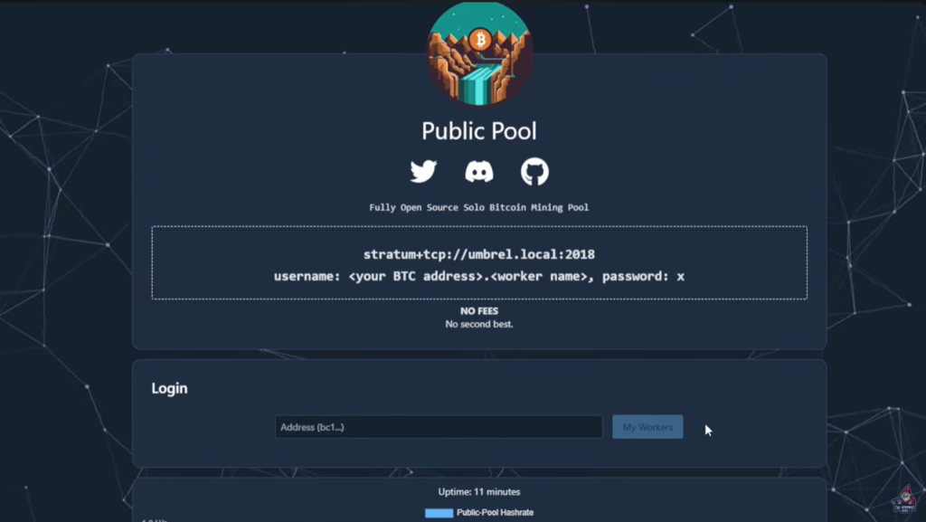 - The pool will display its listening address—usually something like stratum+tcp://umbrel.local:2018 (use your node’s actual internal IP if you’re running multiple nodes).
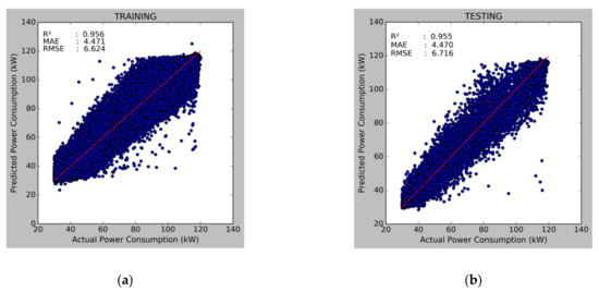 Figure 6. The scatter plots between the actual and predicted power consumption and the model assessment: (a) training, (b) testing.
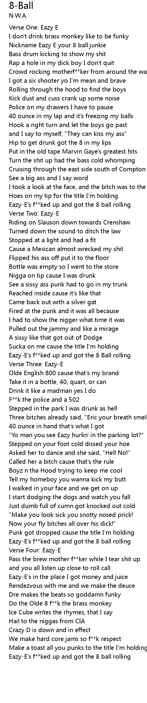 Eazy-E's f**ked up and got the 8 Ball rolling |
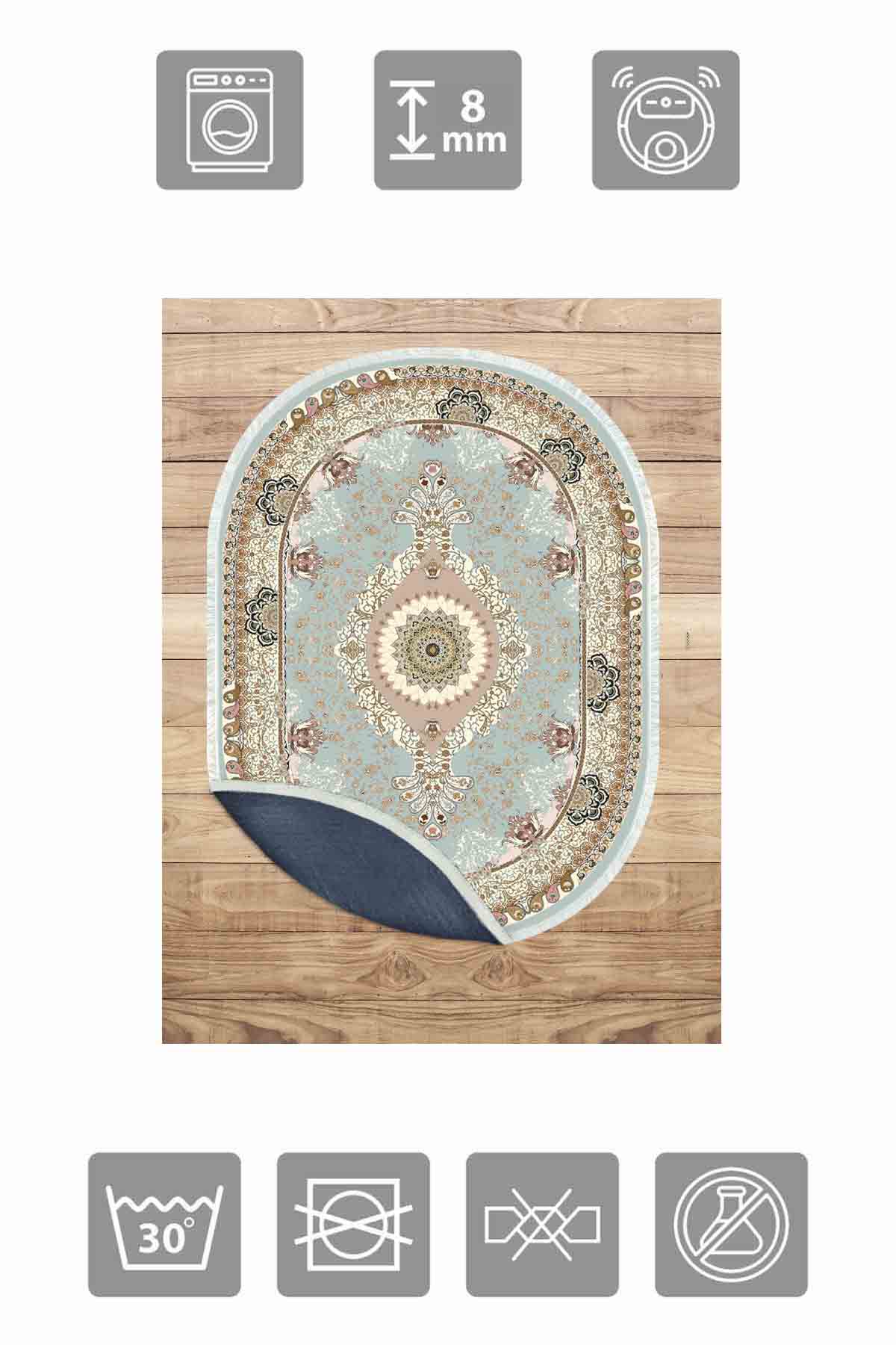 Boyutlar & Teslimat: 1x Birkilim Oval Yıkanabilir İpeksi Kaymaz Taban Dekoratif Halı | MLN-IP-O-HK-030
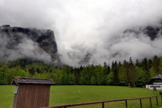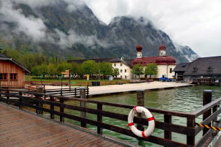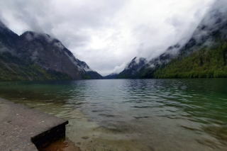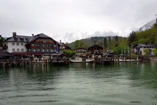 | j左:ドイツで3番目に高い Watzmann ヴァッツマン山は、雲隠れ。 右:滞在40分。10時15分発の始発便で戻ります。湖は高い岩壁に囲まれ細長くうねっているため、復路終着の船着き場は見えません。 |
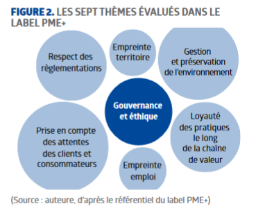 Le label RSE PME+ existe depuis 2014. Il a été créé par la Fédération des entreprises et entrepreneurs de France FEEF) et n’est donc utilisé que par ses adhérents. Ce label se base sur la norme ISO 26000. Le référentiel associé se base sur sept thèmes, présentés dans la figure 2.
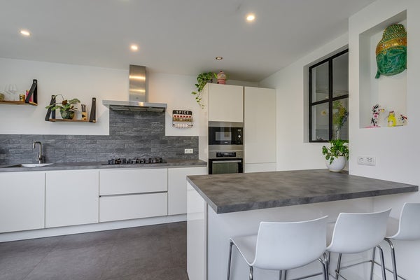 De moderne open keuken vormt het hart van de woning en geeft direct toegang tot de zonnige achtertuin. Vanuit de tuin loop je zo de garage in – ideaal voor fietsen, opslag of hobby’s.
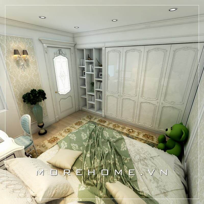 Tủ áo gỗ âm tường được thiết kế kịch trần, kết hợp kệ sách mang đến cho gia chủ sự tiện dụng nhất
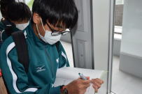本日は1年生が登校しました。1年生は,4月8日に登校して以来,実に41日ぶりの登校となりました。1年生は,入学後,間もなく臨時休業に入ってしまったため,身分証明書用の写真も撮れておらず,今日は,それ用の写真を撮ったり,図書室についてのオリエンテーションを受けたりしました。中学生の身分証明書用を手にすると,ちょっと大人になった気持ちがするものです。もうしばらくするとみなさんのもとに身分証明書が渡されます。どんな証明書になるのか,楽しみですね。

####

Please keep every line of the data the same when you reproduce it, and keep every picture out.

 - The pool will display its listening address—usually something like stratum+tcp://umbrel.local:2018 (use your node’s actual internal IP if you’re running multiple nodes).
 Figure 6. The scatter plots between the actual and predicted power consumption and the model assessment: (a) training, (b) testing.
 Eazy-E's f**ked up and got the 8 Ball rolling |
 Boyutlar & Teslimat: 1x Birkilim Oval Yıkanabilir İpeksi Kaymaz Taban Dekoratif Halı | MLN-IP-O-HK-030
 | j左:ドイツで3番目に高い Watzmann ヴァッツマン山は、雲隠れ。 右:滞在40分。10時15分発の始発便で戻ります。湖は高い岩壁に囲まれ細長くうねっているため、復路終着の船着き場は見えません。 |
 Le label RSE PME+ existe depuis 2014. Il a été créé par la Fédération des entreprises et entrepreneurs de France FEEF) et n’est donc utilisé que par ses adhérents. Ce label se base sur la norme ISO 26000. Le référentiel associé se base sur sept thèmes, présentés dans la figure 2.
 De moderne open keuken vormt het hart van de woning en geeft direct toegang tot de zonnige achtertuin. Vanuit de tuin loop je zo de garage in – ideaal voor fietsen, opslag of hobby’s.
 Tủ áo gỗ âm tường được thiết kế kịch trần, kết hợp kệ sách mang đến cho gia chủ sự tiện dụng nhất
本日は1年生が登校しました。1年生は,4月8日に登校して以来,実に41日ぶりの登校となりました。1年生は,入学後,間もなく臨時休業に入ってしまったため,身分証明書用の写真も撮れておらず,今日は,それ用の写真を撮ったり,図書室についてのオリエンテーションを受けたりしました。中学生の身分証明書用を手にすると,ちょっと大人になった気持ちがするものです。もうしばらくするとみなさんのもとに身分証明書が渡されます。どんな証明書になるのか,楽しみですね。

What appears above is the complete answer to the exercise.